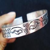 This bracelet was handmade in Nepal from nickle silver.
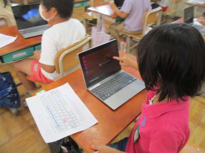 初めてタブレットの電源を入れて,IDやパスワードを入れました。電源の切り方も学習しました。次の学習では,カメラを使ってみます。
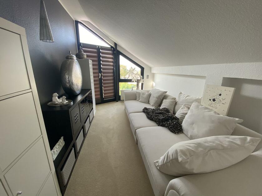 Unser Reihenendhaus befindet sich in einer Spielstraße. In der Nachbarschaft gibt es vorrangig Familien mit Kindern. Das Haus ist sehr hell und mit versetzten Ebenen. Der Einrichtungsstil ist durchgängig und in Naturtönen gehalten. Der Gartenbereich ist komplett neu gestaltet. Es gibt noch eine Randbepflanzung, aber keine Rasenfläche. Der ausgebaute kleine Dachspeicher dient zur Aufbewahrung von Kleidungsstücken, Bettwäsche etc. Die Kellerräume sind komplett ausgebaut, alle Rohre verkleidet und die Böden sind gefliest. Der Vorgarten, Einfahrt und Carport werden neu gepflastert. Die gesamte Dekoration kann verändert werden.
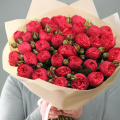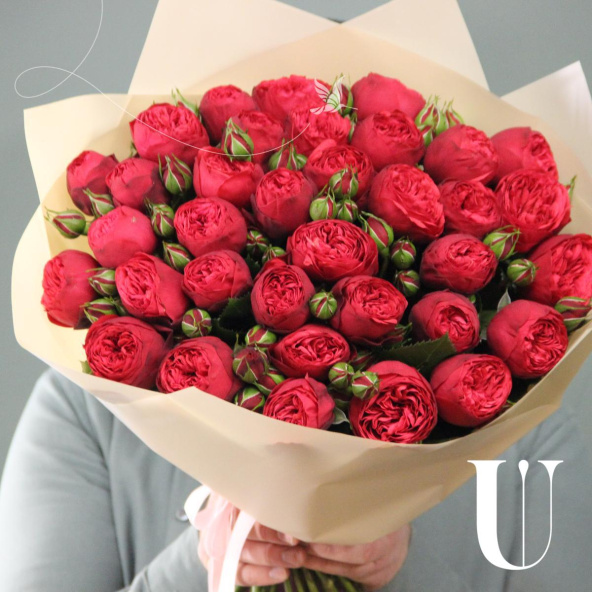 Моно букет из 35 пионовидных роз сорта red piano
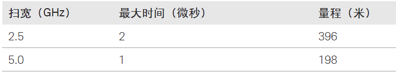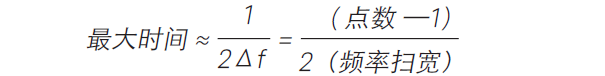 虽然较大的频率扫宽能够提高时域分辨率,但它同时也会对可测量的总时间扫宽或最大量程产生不利影响。下一节将讨论频率扫宽与最大可测量时间之间的关系。
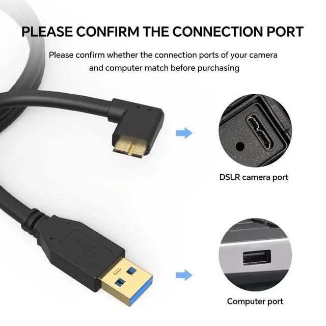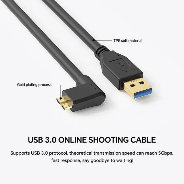 DATA TRANSFER: Experience high-speed 5Gbps data transfer with this USB 3.0 cable, designed for seamless live streaming, professional photo/video capture, and quick access to external hard drives. Suitable for photographers and videographers, it offers minimal latency and reliable performance, whether you're shooting in the studio or streaming live events.
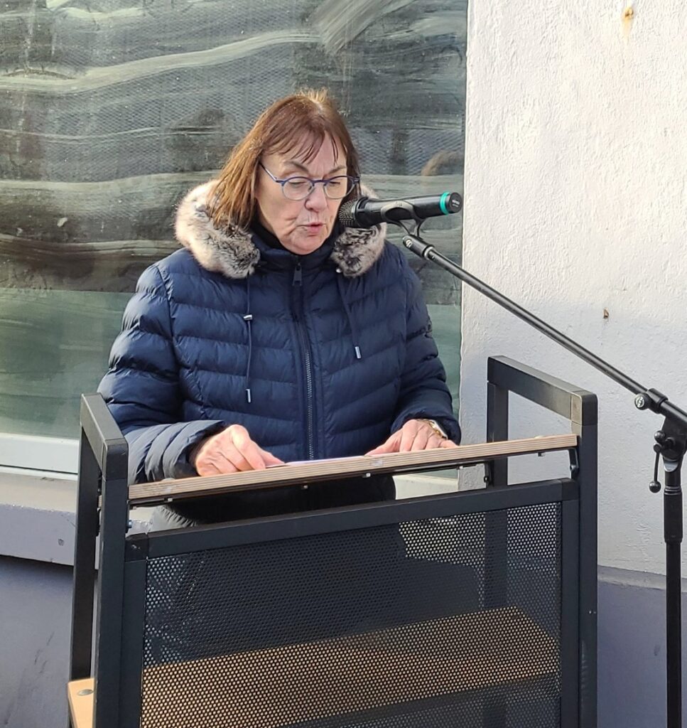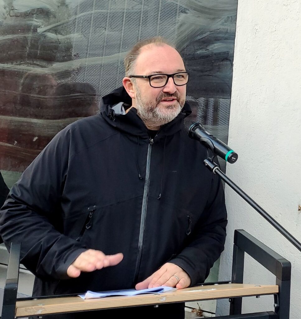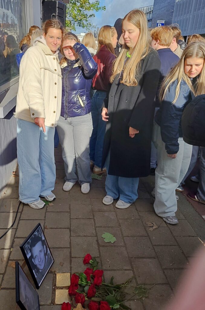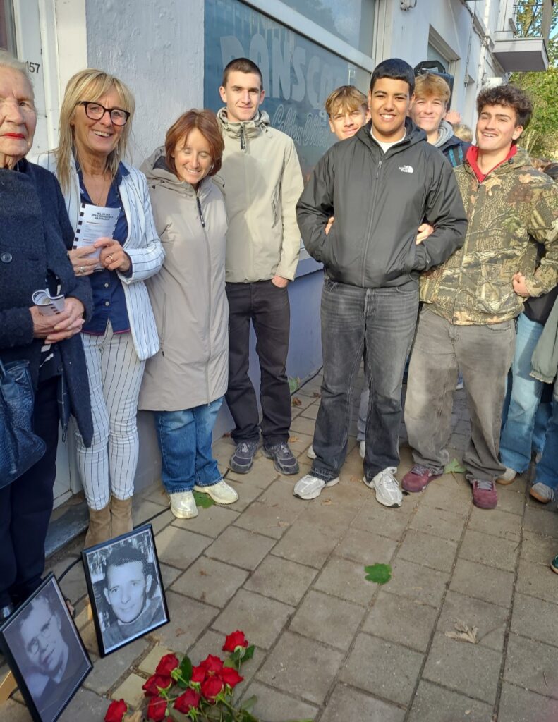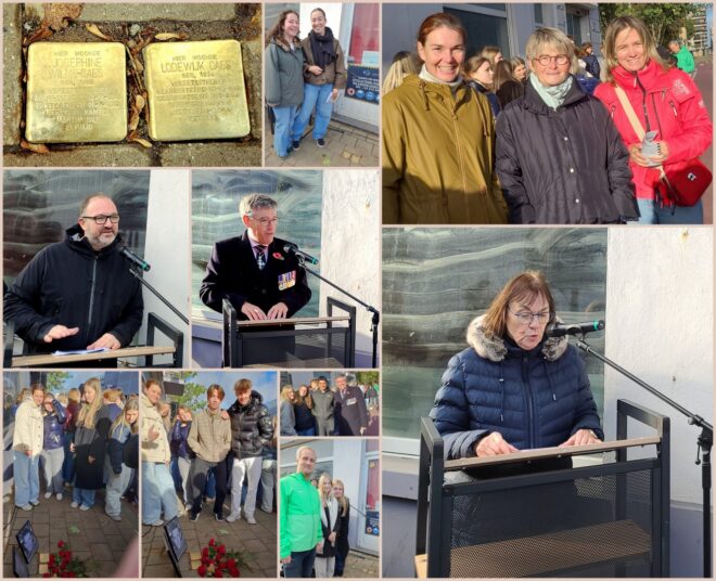 Maerlant-ath. KRISTOF VAN MIEROP, directeur Vrije Tijd Bl’b en Secretaris-Generaal Amicale Internationale KZ Neuengamme is nauw betrokken bij het plaatsen van struikelstenen. Hij speechte bij Kerkstraat 153. Twee verwanten van Lodewijk CAES en Josphine WILMS-CAES herdachten hen.
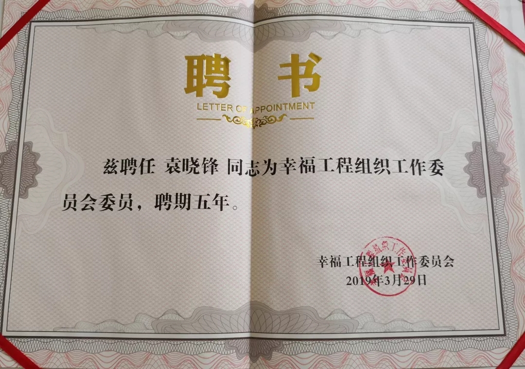 三八婦樂袁曉峰擔(dān)任幸福工程全國組織工作委員會委員

--- Exercise goal ---
Going from the line holding "Maerlant-ath. KRISTOF VAN" to the last line of the data above, reproduce every line exactly, both included, with the pictures omitted.

--- Exercise output ---
 Maerlant-ath. KRISTOF VAN MIEROP, directeur Vrije Tijd Bl’b en Secretaris-Generaal Amicale Internationale KZ Neuengamme is nauw betrokken bij het plaatsen van struikelstenen. Hij speechte bij Kerkstraat 153. Twee verwanten van Lodewijk CAES en Josphine WILMS-CAES herdachten hen.
 三八婦樂袁曉峰擔(dān)任幸福工程全國組織工作委員會委員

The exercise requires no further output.